I've never seen a betta with blue eyes or partial blue eyes before. The other half is a dark golden brown-like my waffles in the morning  Anyway, His right eye has a lot of blue in it while the other eye has about 1/3-1/2 of his eye blue. I just got exited and was wondering if anyones betta has wierd eye coloring or what is the normal eye color for betta fish? 

Peace out homies


----------



## chocolatecrunch (May 21, 2010)

Oh yea, also...I think sometime in the future I may attempt breeding him with a blue eyed halfmoon female and see what I get. It's more of an idea really and I know the responsibillaty that comes with it so It may not be for a LONG time.
But if I did breed GummyBear with a blue eyed betta, what percentage of the fry would be blue eyed?

Thanks!


----------



## chocolatecrunch (May 21, 2010)

**Tick tock. Tick tock...**


----------



## chocolatecrunch (May 21, 2010)

I'm lonely :O


----------



## emc7 (Jul 23, 2005)

lol, try chat. or a betta forum. Its cool, but I don't really have a clue about betta genetics.


----------



## chocolatecrunch (May 21, 2010)

emc7 said:


> lol, try chat. or a betta forum. Its cool, but I don't really have a clue about betta genetics.
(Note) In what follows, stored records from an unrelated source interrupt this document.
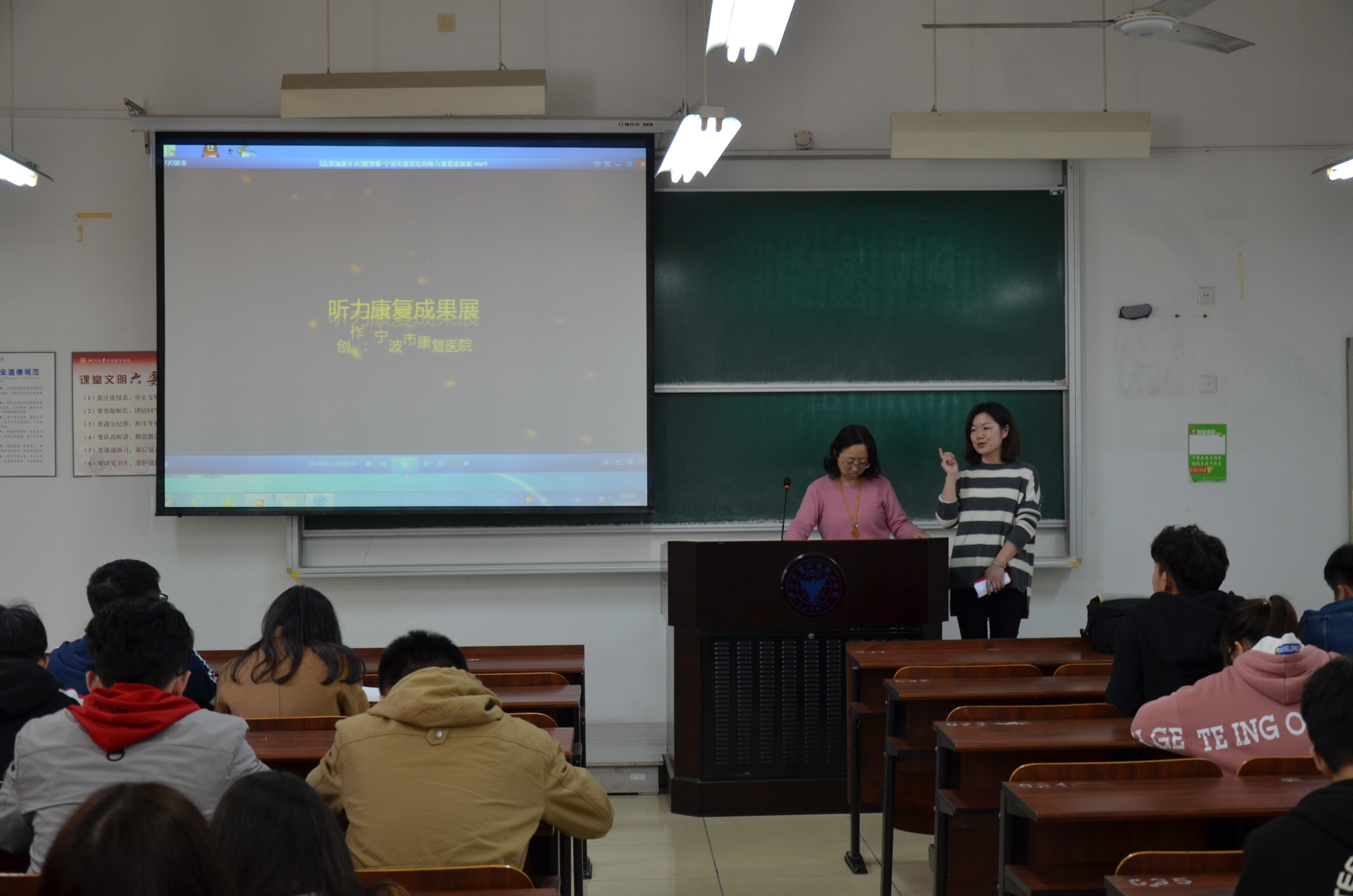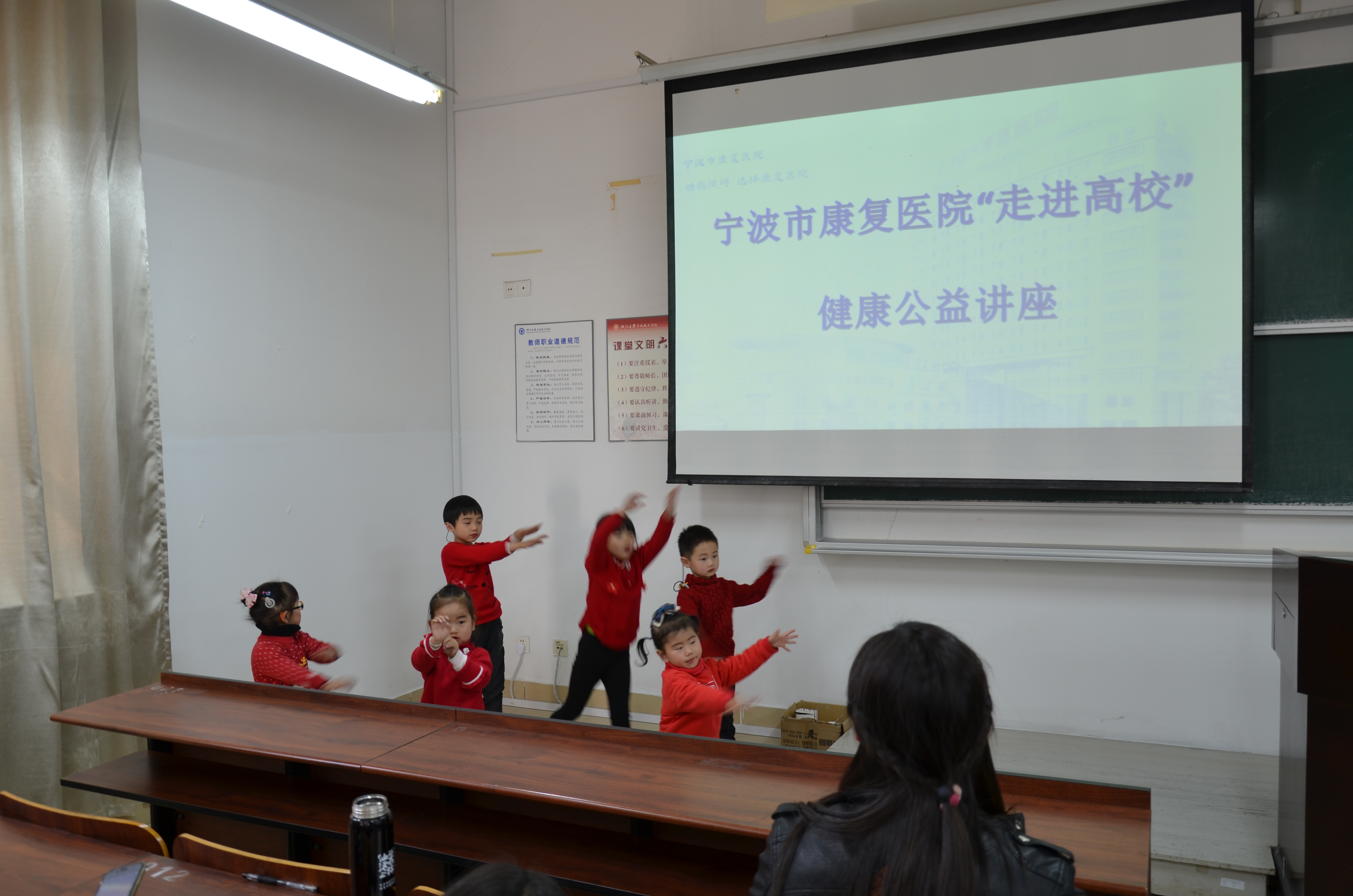 随后,由康复医院的专家带领听障儿童来为我们进行了一场精彩非凡的表演,并收获了场下热烈的掌声。同时为我们详细介绍了对听力造成损伤的日常生活行为,并介绍了保持听力健康的方法,如:听音乐不要超过六十分钟;日常交流不超过60分贝;放音乐不超过60%最大音量等。讲座的最后,她亲身示范,带领员工们做了一套耳保健操。
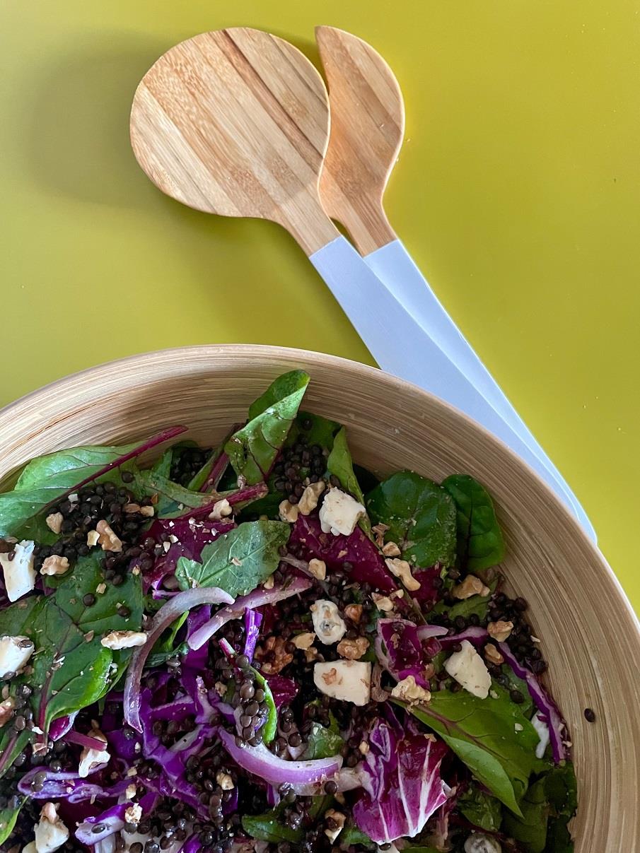 ΣΑΛΑΤΑ ΜΕ ΜΑΥΡΕΣ ΦΑΚΕΣ, ΚΟΚΚΙΝΟ ΛΑΧΑΝΟ & RADICCHIO, ΚΑΡΥΔΙΑ, ΜΑΥΡΕΣ ΣΤΑΦΙΔΕΣ & GORGONZOLA
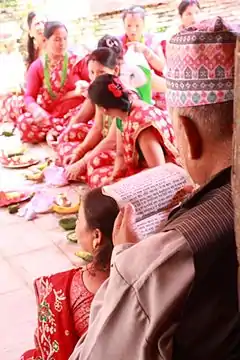 On Rishi Panchami, a ritual bath is taken in holy rivers, ponds or in other water masses. Lord Ganesh, Navagraha (nine planetary gods), Saptarshis (seven Sages) and Arundathi are worshipped on this day. The women offer the 'Prasad' to Gods and wash husbands' feet.[3]

Once again...I feel really stupid  lol.


----------



## emc7 (Jul 23, 2005)

I'm flattered you think we know so much, but most of us have a lot of general knowledge and some small area where we each know a lot. There are a few betta pros on this forum, but it may take a few weeks for a post to be seen by a specialist. Only the easy questions get immediate answers.


----------



## chocolatecrunch (May 21, 2010)

emc7 said:


> I'm flattered you think we know so much, but most of us have a lot of general knowledge and some small area where we each know a lot. There are a few betta pros on this forum, but it may take a few weeks for a post to be seen by a specialist. Only the easy questions get immediate answers.
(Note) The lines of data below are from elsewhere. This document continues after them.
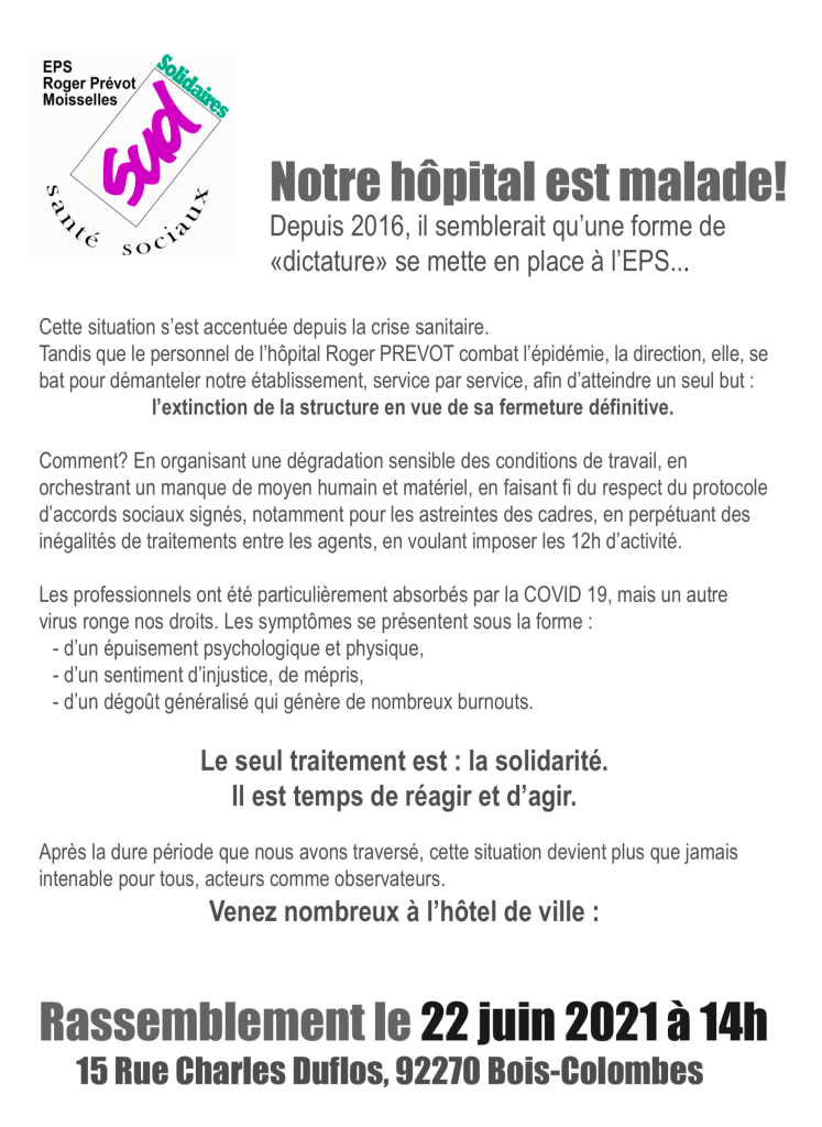 Lire le communiqué du CRPA : Chasse aux sorcières à l’EPSM Roger Prévot de Moisselles, qui appelle à cette manifestation.
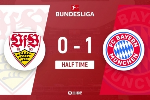 伤停补时8分钟。上半场比赛结束,拜仁1-0斯图加特。
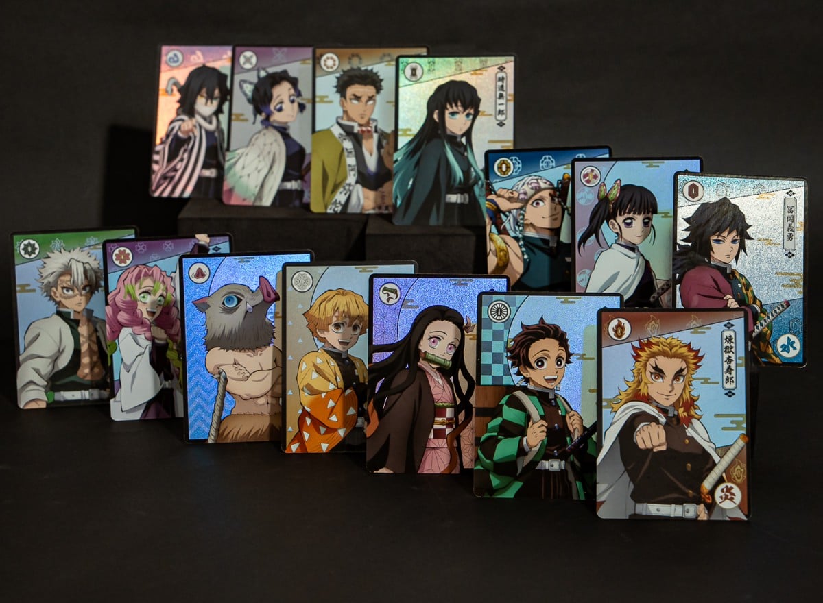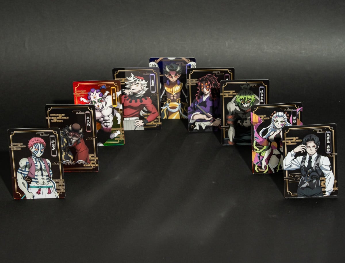 現象級夯作《鬼滅之刃》本次則推出三套卡牌,匯集以日系屏風與浮世繪設計「刀匠篇-人」、深邃黑金配色加傳統雲紋的「柱訓練篇-鬼」,還有呈現鬼殺隊與最強鬼們進行慘烈殊死戰的「無限城」主題。不管是哪套,都一定要抽!
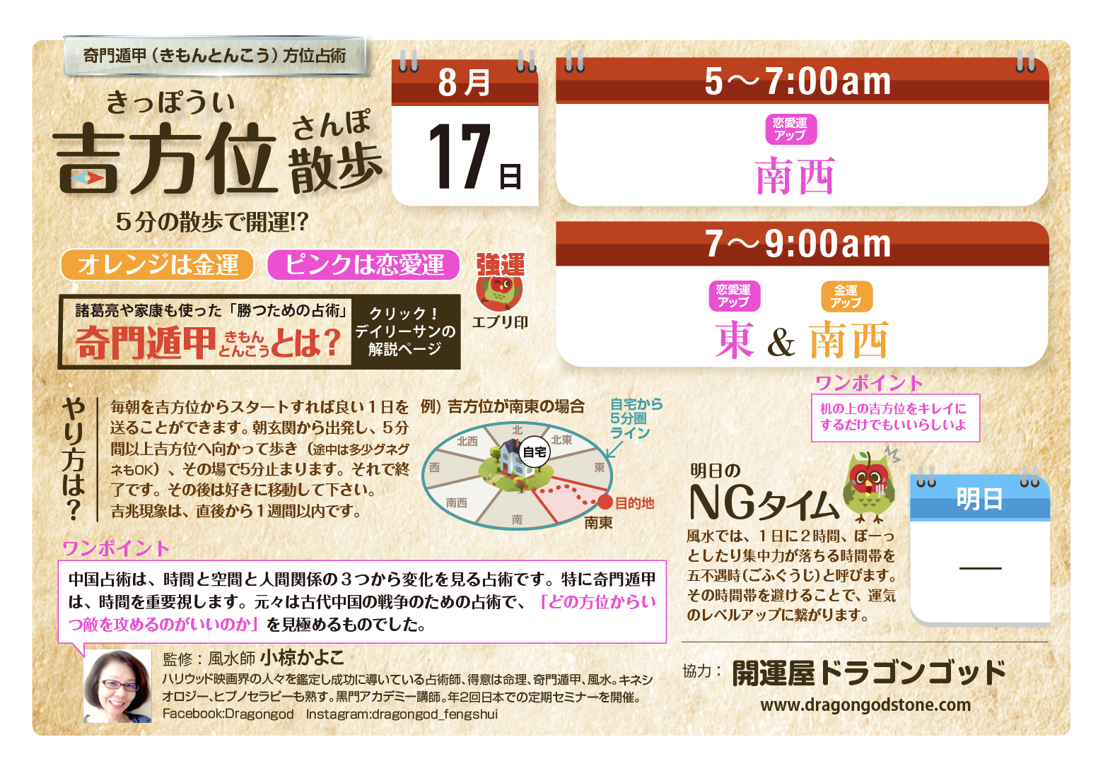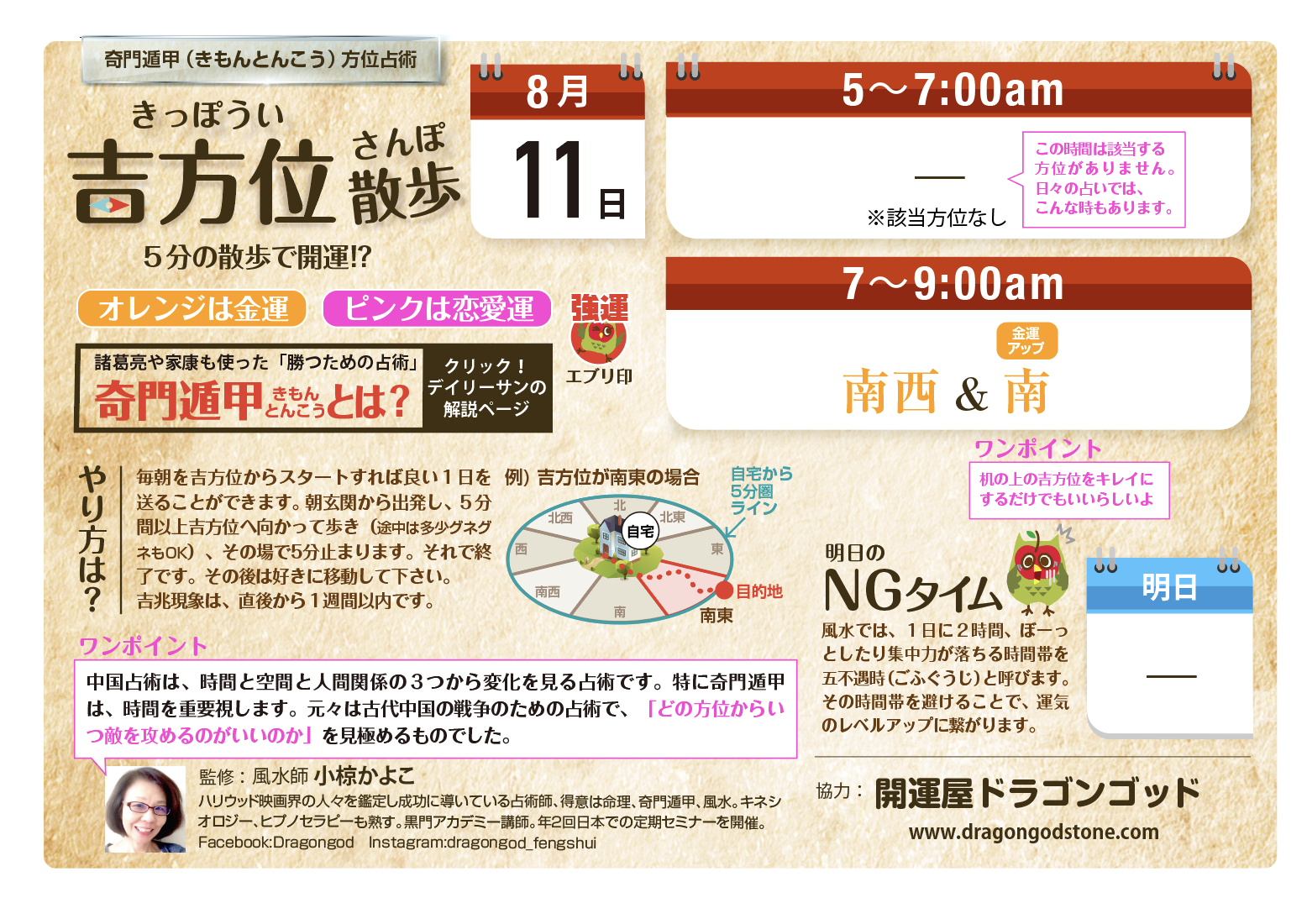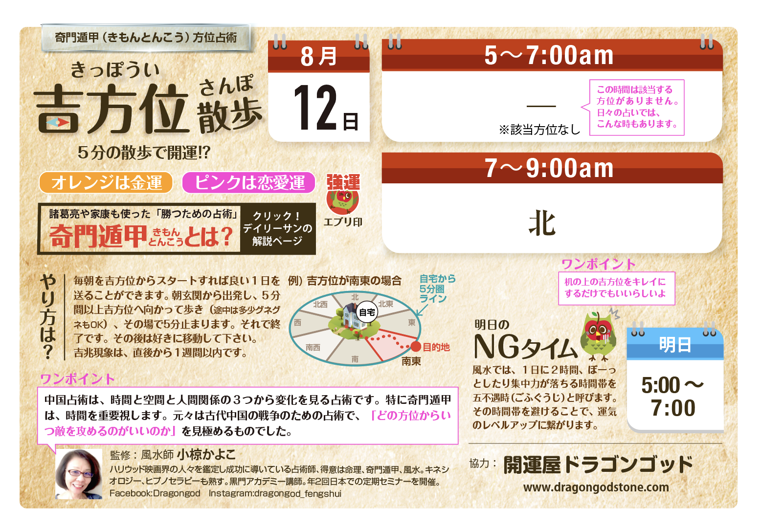 【明日と週末の運気】吉方位散歩 8月13日(土)

Awww  I'll try e-mailing some betta breeders or find a betta forum or something that I can go to for the hard-to-answer questions


----------



## emc7 (Jul 23, 2005)

IBC is the big betta group. Might be a place to start looking for links.


----------



## Plakat_bettas (Jul 5, 2010)

I have a blue eyed betta ( hes a light colored betta) my boyfriends betta has ONE half blue eye. My daughters betta has RED eyes (hes a red betta) its fairly common and its also common for them to grow out of it... LIKE puppies or even humans for that matter... young animals seem to have blue eyes that they grow out of.... and like humans Blue eyed dogs have a common ancestor, as due blue eyed cats, fish, ect ect..... BLUE eyes as an adult in animals is something we bred for and is not natural.. just a random fact..... 
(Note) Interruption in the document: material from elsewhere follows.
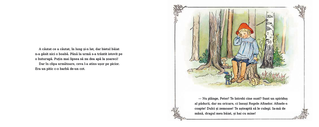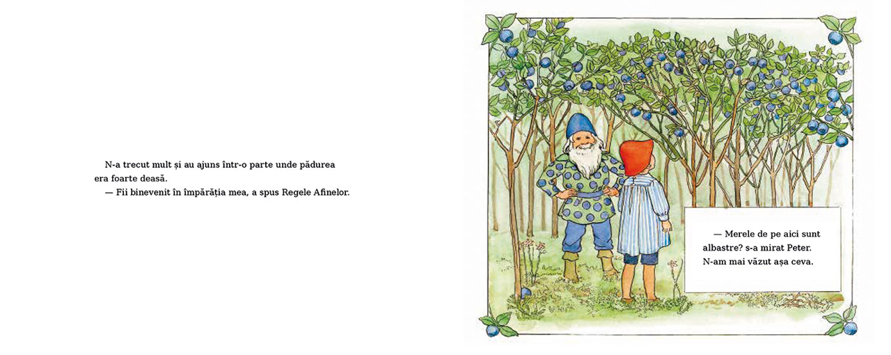 Intr-o zi, un baietel pe nume Peter a pornit la drum prin Padurea Fermecata. Avea doua cosuri in care voia sa adune afine si merisoare pe care sa i le duca in dar mamei sale de ziua ei. ""Oare am sa gasesc ceva?"" se gandea el. ""Unde s-or fi ascuns afinele si merisoarele?"" A cautat ce a cautat, in lung si-n lat, dar bietul baiat n-a gasit nici o boaba. Pana la urma s-a trantit istovit pe o buturuga. Putin mai lipsea sa nu dea apa la soareci! Dar in clipa urmatoare, ceva l-a atins usor pe picior. Era un pitic c-o barba de-un cot. — Nu plange, Peter! Te intrebi cine sunt? Sunt un spiridus al padurii, dar nu oricare, ci insusi Regele Afinelor. Afinele-s coapte! Dulci si zemoase! Te asteapta sa le culegi. Ia-ma de mana, dragul meu baiat, si hai cu mine!"
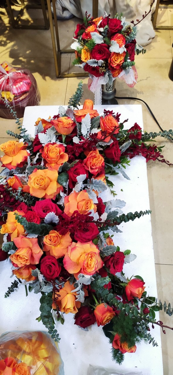 Hãy cùng Thu Hien Wedding team chiêm ngưỡng bộ tráp và hoa xe cưới đang đi dần đến công đoạn trang trí cuối để kịp hoàn thành đúng tiến độ

PS I breed and show bettas  as a hobby


----------



## hXcChic22 (Dec 26, 2009)

Plakat_bettas said:


> BLUE eyes as an adult in animals is something we bred for and is not natural.. just a random fact.....


It may be something we purposely breed into animals (only using blue-eyed dogs for breeding stock and such) but it _is_ a natural mutation that causes us not to be able to produce as much melanin. It's a harmless one, at least. Being blue-eyed does not have any negatice effects. 

I don't think it's possible that there was a _single_ blue-eyed human, dog, fish, etc. that caused the trait to spread. It's much more possible for a trait like light-colored eyes to propagate if there is a larger pool of individuals who have it. 

And, chocolatecrunch, we have three bettas with blue eyes, too. 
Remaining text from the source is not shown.